To preserve and improve student self-government, undergraduate and graduate/professional student leaders need to come to a compromise. The “Two for Two” proposal that prescribed a distinct undergraduate government and a graduate/professional student government — each complete with legislative, executive and judicial branches — fell 41 votes short of becoming the student constitution.
This ballot box failure (the second for the proposal) left the student constitution unchanged and plan’s sponsors, the Graduate and Professional Student Federation leadership, frustrated. In an Oct. 31 Daily Tar Heel story, GPSF’s vice president for internal affairs said he filed more than 80 complaints related to the election, mostly against the “No for Both” campaign, which opposed all constitutional change. In the story, he also said he wished administration would intervene.
Given all this, the editorial board suggests a compromise: a new student constitution that would give graduate and professional students their own legislative branch with exclusive jurisdiction over graduate and professional students and control of their full fair share of student fees, all while maintaining a united executive branch of student government that represents the entire student body.
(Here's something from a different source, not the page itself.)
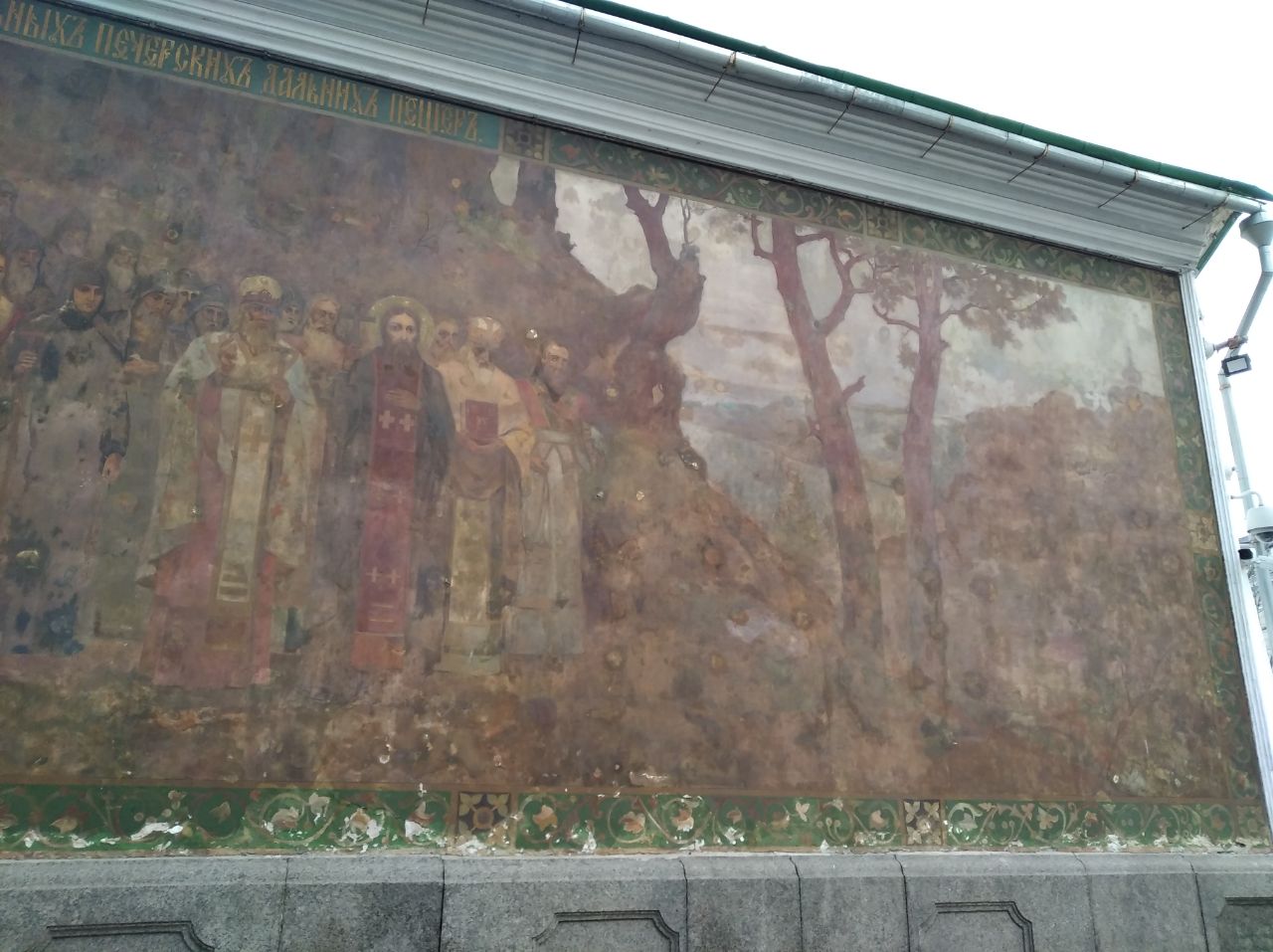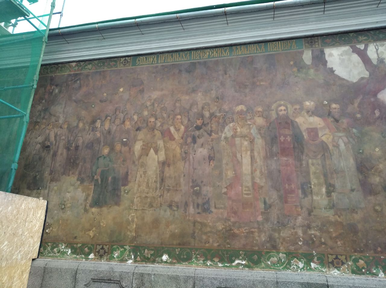 Фрески у входа в Киево-Печерскую лавру покрыли специальной смесью, чтобы уберечь их от воздействия природных факторов.

Despite the sometimes toxic nature of their recent conflicts, the leaders of student government (in both undergraduate student government and GPSF) have shown by their dedication to their own ideas that they have the spirit and intelligence to implement a compromise solution well. We hope they do so quickly enough that UNC administration will not feel the need to intervene and, in so doing, sully student government’s traditional independence.
Graduate and professional students have legitimate grievances with the current construction of student government — grievances that inspired the failed constitutional proposal. First of all, while it reserves spots for graduate students, Student Congress does not fill them. Despite the fact that graduate and professional students make up almost 37 percent of UNC’s student body, they fill only three of the 15 seats reserved for them in Student Congress. The bottom line is that the GPSF Senate (the body that the “Two for Two” constitution would have endowed with significant legislative power) is filled with graduate and professional students, while Student Congress is not.
Graduate and professional students do have real needs that could be met by a more representative student legislature. For example, allocating funding for individuals presenting research at conferences — something Student Congress currently does not do — would be an excellent way to promote the University’s mission and help graduate students advance their careers. On the other hand, undergraduate student leaders who opposed the “Two for Two” plan, are right to fear the weakness of a divided student government in relation to the administration and the Board of Trustees.
The “Two for Two” plan’s wholesale splitting of undergraduates from graduate and professional students would likely dilute student voice.
We Tar Heels are in this together, and our student government should reflect that.